[Collected data]
-- Opening Marker --

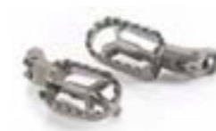
REPOSE-PIEDS PILOTE A9770172
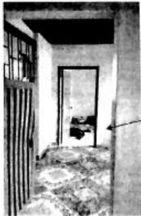
IMAGEN 3. En la imagen se logra observar la puerta de entrada al cuarto piso del inmueble objeto de la diligencia.

PUERTA DE INGRESO AL CUARTO PISO DEL INMUEBLE OBJETO DE LA DILIGENCIA
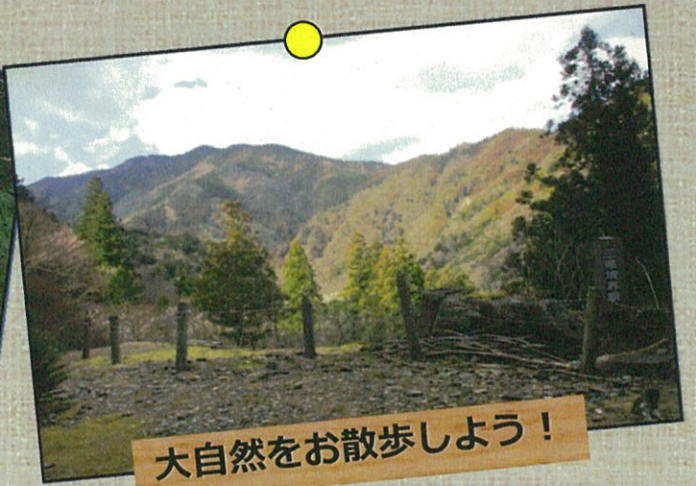
大自然をお散歩しよう！

天竜峡駅または飯田駅で往復乗車券を購入して ご乗車いただいたお客様に記念台紙をプレゼント (乗車券を貼り付けることができます)
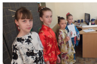
Мастер-класс «Секреты китайской чайной церемонии»

змеев, основой которых были бамбуковые палочки, мастерили лошадок из квиллинга. Я попала на мастер-класс по корейской кухне. «Кимпап» (корейские роллы) очень вкусные. Затем мастер-классы закончились, на все я, конечно же, не
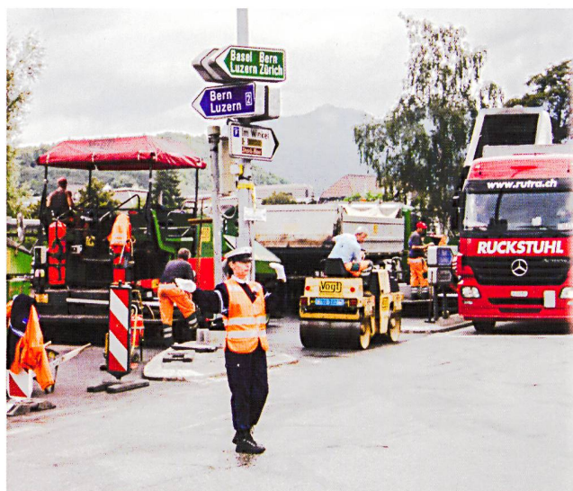
Postplatz Olten, 2005

1997 entschied sich Peter Fritsch für das Zusammengehen mit der Astrada, die nach der Übernahme der Vogt Strassenbau Olten im Kieswerk Gunzgen neuer
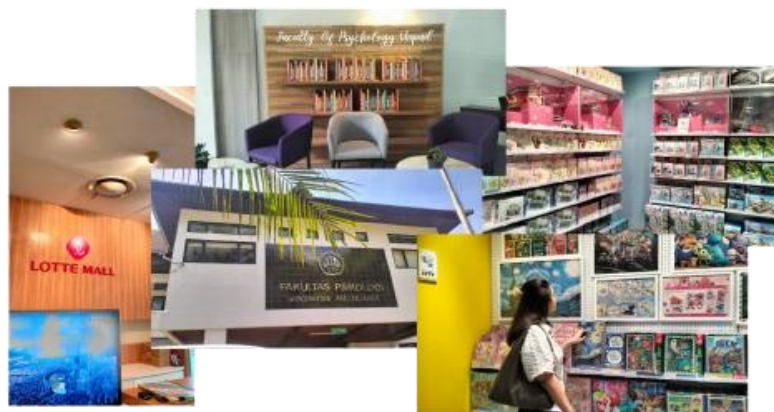
Gambar 6. Recce dan Observasi

Menyusun Rancangan Anggaran Biaya. Penyusunan anggaran dilakukan guna merinci kebutuhan produksi secara realistis. Perincian anggaran mencakup konsumsi kru, biaya transportasi, penyewaan peralatan, serta dana cadangan untuk keperluan tak terduga. Dokumen ini berfungsi sebagai pedoman selama proses produksi untuk menghindari pemborosan dana, sekaligus menjadi elemen penting dalam laporan pertanggungjawaban administratif tugas akhir.
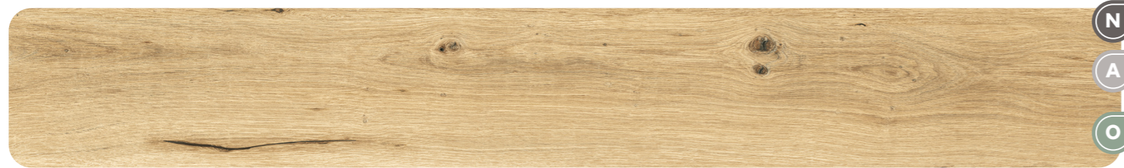
BOLD - Grain 9,5 MM - 9 MM - 20 MM
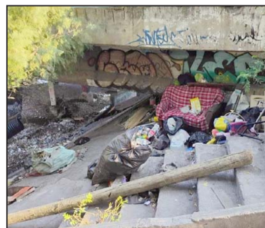
Hoy en día está lleno de basura, es inseguro y prácticamente se encuentra destrozado.

Los vecinos y habitantes de Guadalupe han manifestado que por las condiciones en que se encuentra este sitio, las palabras se las llevo el viento.
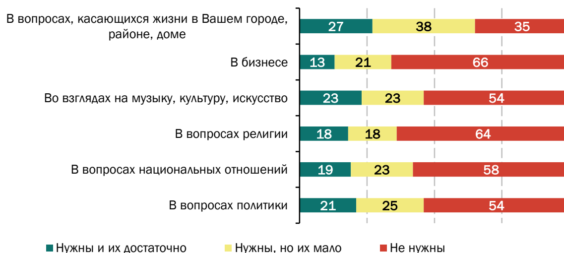
Рисунок 2 - Мнение россиян о том, нужны ли им единомышленники — люди, разделяющие их интересы, принципы, жизненные цели в различных вопросах, % (один ответ по каждой позиции)

Местные проблемы также являются для россиян значимым интегративным и коммуникационным фактором (см. рис. 2). 65% опрошенных заявили, что в вопросах, касающихся жизни в их городе, районе или доме, им нужны единомышленники, разделяющие одинаковые с ними интересы, принципы и жизненные цели. Это больше, чем в вопросах музыки, культуры, искусства (47%), политики (46%), национальных отношений (42%), религии (36%) и бизнеса (34%). Из этих 65%, почти половина (38%) респондентов признались, что таких единомышленников у них недостаточно.
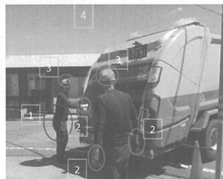
1. 腰痛に注意 2. 軍手を着用し安全積込作業 3. 帽子を着用し熱中症対策 4. 運転手・助手で協力作業
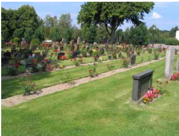
Linjegravsområde i kvarter B från sydost. (KI Hälleberga kyrkog 095)

De fyra kvarteren är placerade i kyrkogårdens sydvästra hörn. Samtliga kvarter rymmer eller har rymt kyrkogårdens linjegravsområden. Kvarter B, C och D har alla tre varit utformade med köpta gravplatser i kvarterens ytterkanter och linjegravsområden i mitten. I kvarter C kan man idag bara ana resterna av denna struktur medan den i kvarter B och D ännu är klart utläsbar. Ett mindre antal köpta gravplatser mitt i västra delen av kvarter B bryter mönstret i detta kvarter. Kvarter E saknar ramen av köpta gravplatser. Här har istället iordningställt ett antal köpta gravplatser i västra delen av kvarteret. Kronologiskt går det att följa linjen från spridda rester i kvarter C, vidare till kvarter D, B, och slutligen E. Bland köpta gravplatserna i de tre äldre kvarteren finns rester av omgärdningar och grusbeläggningar kvar som berättar om kvarterets historia.
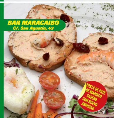
BAR MARACAIBO C/. San Agustín, 43

TOSTÁ DE PATÉ DE MARISCO CASERO CON HUEVO ARRUGAO

-- Closing Marker --

TASK INSTRUCTIONS |
Repeat exactly the lines above, beginning at the one containing "大自然をお散歩しよう！" and ending at the one containing "Los vecinos y". Do not carry over any pictures.

EXPECTED ANSWER |
大自然をお散歩しよう！

天竜峡駅または飯田駅で往復乗車券を購入して ご乗車いただいたお客様に記念台紙をプレゼント (乗車券を貼り付けることができます)
Мастер-класс «Секреты китайской чайной церемонии»

змеев, основой которых были бамбуковые палочки, мастерили лошадок из квиллинга. Я попала на мастер-класс по корейской кухне. «Кимпап» (корейские роллы) очень вкусные. Затем мастер-классы закончились, на все я, конечно же, не
Postplatz Olten, 2005

1997 entschied sich Peter Fritsch für das Zusammengehen mit der Astrada, die nach der Übernahme der Vogt Strassenbau Olten im Kieswerk Gunzgen neuer
Gambar 6. Recce dan Observasi

Menyusun Rancangan Anggaran Biaya. Penyusunan anggaran dilakukan guna merinci kebutuhan produksi secara realistis. Perincian anggaran mencakup konsumsi kru, biaya transportasi, penyewaan peralatan, serta dana cadangan untuk keperluan tak terduga. Dokumen ini berfungsi sebagai pedoman selama proses produksi untuk menghindari pemborosan dana, sekaligus menjadi elemen penting dalam laporan pertanggungjawaban administratif tugas akhir.
BOLD - Grain 9,5 MM - 9 MM - 20 MM
Hoy en día está lleno de basura, es inseguro y prácticamente se encuentra destrozado.

Los vecinos y habitantes de Guadalupe han manifestado que por las condiciones en que se encuentra este sitio, las palabras se las llevo el viento.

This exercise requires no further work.